I took a deep breath, steadied myself and began making supper. He came in all smiles and began washing up. I started one of his videos and cranked the volume. I have no idea what he had been telling me about, just waited for him to hear the computer. It wasn’t the reaction I expected. When he heard his first reaction was to ask me what I thought I was watching. I ask him how his conscience was as he past through to look at the computer. He said it was fine. I guess I expected groveling, pleading for forgiveness, excuses. He actually left the video playing and came back to the kitchen with a sheepish grin. He told me he was working on his problem and that he was much better than he had been. He held his arms out as he got closer and almost laughed when I stepped back and told him I would rather beat him to a pulp than embrace him. He acted like I was over reacting; it was really not that big of a deal. I walked out, had to get away from him to think. I got in my truck and left, it was well after dark when I came home again. I had come to the conclusion that I would carry on as if nothing had happened at least when anyone else was around. My Dad was only a week away from major heart surgery and there was no way I wanted to be the cause of any more stress in my parents lives right then.
He became more controlling
We fell into a routine. It wasn’t a good relationship, I was distant and he acted like he was just letting me work through my little fit. When we argued he would pout like a child, sometimes walk out in the middle of the night, his last words “if I don’t come back don’t worry.” I didn’t. He started to get more controlling. No longer giving his opinion but rather telling me the way things would be, what we bought and didn’t buy. He was either rude to my children when they came or he would leave while they were there.
My son was there one day working on a trailer he had just gotten. I still don’t know what was said between the two of them but my son left, very angry, and said he wouldn’t be back. My guy, ha, came to the house and told me he wanted to talk to me in the garage. I took my time getting there, about an hour I think. He was still furious. He told me how my son had thrown tools and motor parts around, he had been rebuilding an engine at the time. He stated that this was his place and my son was all done just showing up. He claimed he was considering getting a restraining order to keep my children away from then on.

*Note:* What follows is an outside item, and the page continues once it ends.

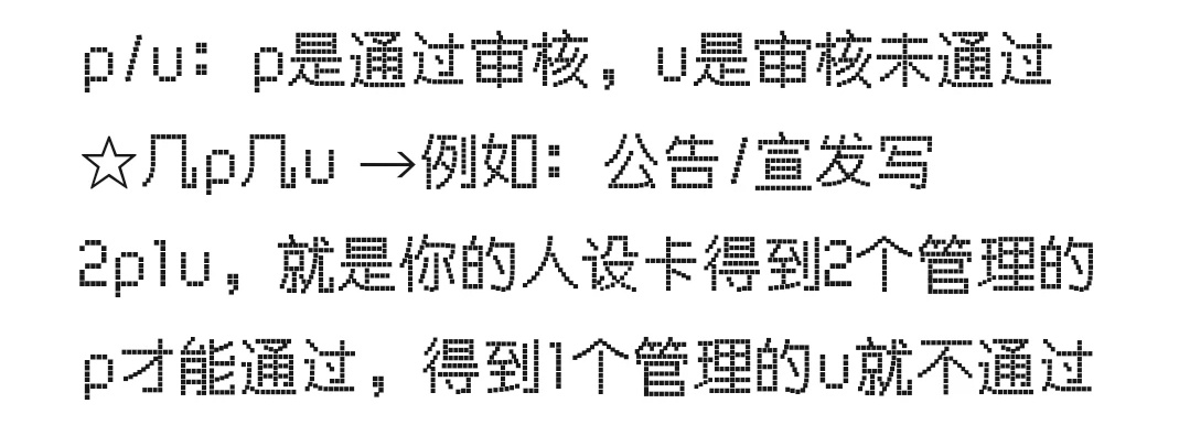 另一種,則是與PF玩法異曲同工的積分制。作爲更偏向於鼓勵創作的機制,在這類企劃中,玩家的作品成爲了一種可置換的資源。所以,一般一些高互動性的探索類企劃,或是PVP、PVE的對抗類企劃,會搭配它一起使用,爲玩家提供換取探索點數或是劇情貨幣的途徑。

I just walked away, let him cool his heals. Then, like always, the next morning he acted like nothing had happened. That was when I sat him down and told him I no longer wanted to live with him. All I got in return was that unblinking stare before he got up and left. I think it was only about a week, though it felt like a month, I would tell him he had to go, it was over, we were done and he would either tell me I was wrong, we could work it out or he would walk away. Then when he returned it was like nothing had happened all over again.
Getting him out
I was going insane; I didn’t know how to get him out. I lived like he didn’t exist, went about my business ignoring him. He finally said one day that he was going to call a pastor that we had talked to a few times, I went to the bedroom and closed the door. The pastor came right away and ask if I could come sit with them. He listened and watched us both. Then he suggested that my partner “take a sabbatical” for both our sake. Give me time to heal and work on himself then perhaps we could consider trying again. I was so relieved when he agreed to do this that I almost cried. All I could think was that this would get him out! He left the next day. I emailed the pastor and told him how I felt and that I had no intention of trying again. He informed me that he felt that was the situation and he was also glad that is suggestion had taken.

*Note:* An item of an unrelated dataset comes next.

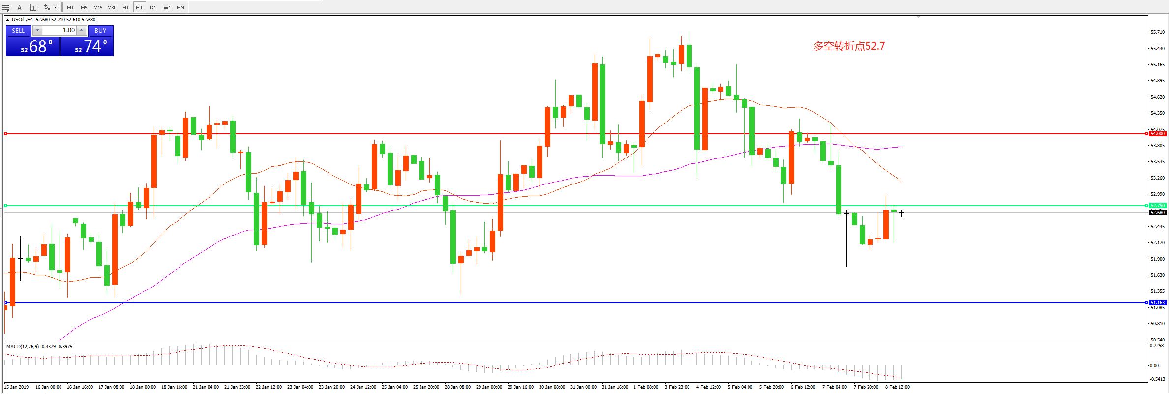交易策略:在52.70之下看跌,目标51.00  49.00

Well he was gone but he wasn’t about to let me forget. The emails came some times several a day and phone calls as well. He had only been gone two weeks when he informed me he was coming back. After he talked to me I could decide if I wanted him to stay or not. I panicked. I got hold of the pastor who advised me not to be alone with him. I called my son who dropped everything and said he was on his way but wouldn’t get here in time. I called my mother and she came to be here with me. When he walked in the door you could almost see the steam, he wanted me alone. I said that would never happen. He claimed then that this was as much his home as it was mine and he wasn’t going to leave. My son slipped in and quietly sat at the end of the table. I told him he could either go on his own or he would be forced out. He said go ahead call the police. I did.

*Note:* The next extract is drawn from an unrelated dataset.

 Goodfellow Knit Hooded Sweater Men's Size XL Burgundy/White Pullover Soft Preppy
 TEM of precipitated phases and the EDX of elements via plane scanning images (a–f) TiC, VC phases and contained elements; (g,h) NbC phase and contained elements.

They came with in 15 minutes. He was standing outside when they pulled in. One officer talked to him outside and the other to me in the house, then they switched. They told him he had to leave. He screamed and yelled until they put him in their car. When he calmed enough to talk again he told them he couldn’t go because someone had put gravel in his fuel tank. One of the officers came to the house and ask my son if he had done it. We went out to look. Until then I was unaware that a friend of my son’s had been sitting in his truck all along. I talked to him to see if he had thrown the gravel in the tank. He assured me he wanted they guy gone as badly as I did, he wouldn’t have done anything to keep that from happening. I believe the police even thought he had sabotaged it himself. They told him to just get in this truck and go, there was a service station a mile away where he could clean his tank out if need be. He left but he didn’t give up.
Begging and pleading
He continued with emails, begging and pleading, bribing and threatening. I finally had a lawyer write to him and tell him any further contact was to come through her. That made him angry. He then turned his energy to taking everything I had as well as his own things. He would not negotiate, he wanted all he could get. My lawyer advised me to let him come get his things and then he might calm down and go away. I knew it wouldn’t be that easy but didn’t know what else to do. He spent three days with family members loading and hauling things away. He was rude to me and my family, his family didn’t speak or make eye contact with me and his sister took pictures of everything and of me every time I moved. They talked about damage to this and that, took pictures of anything I said had to stay and said he would deal with that later. By the time the end of the third day came I felt naked and totally violated. He was gone, his things were gone and I told myself it would only get better now. I was wrong.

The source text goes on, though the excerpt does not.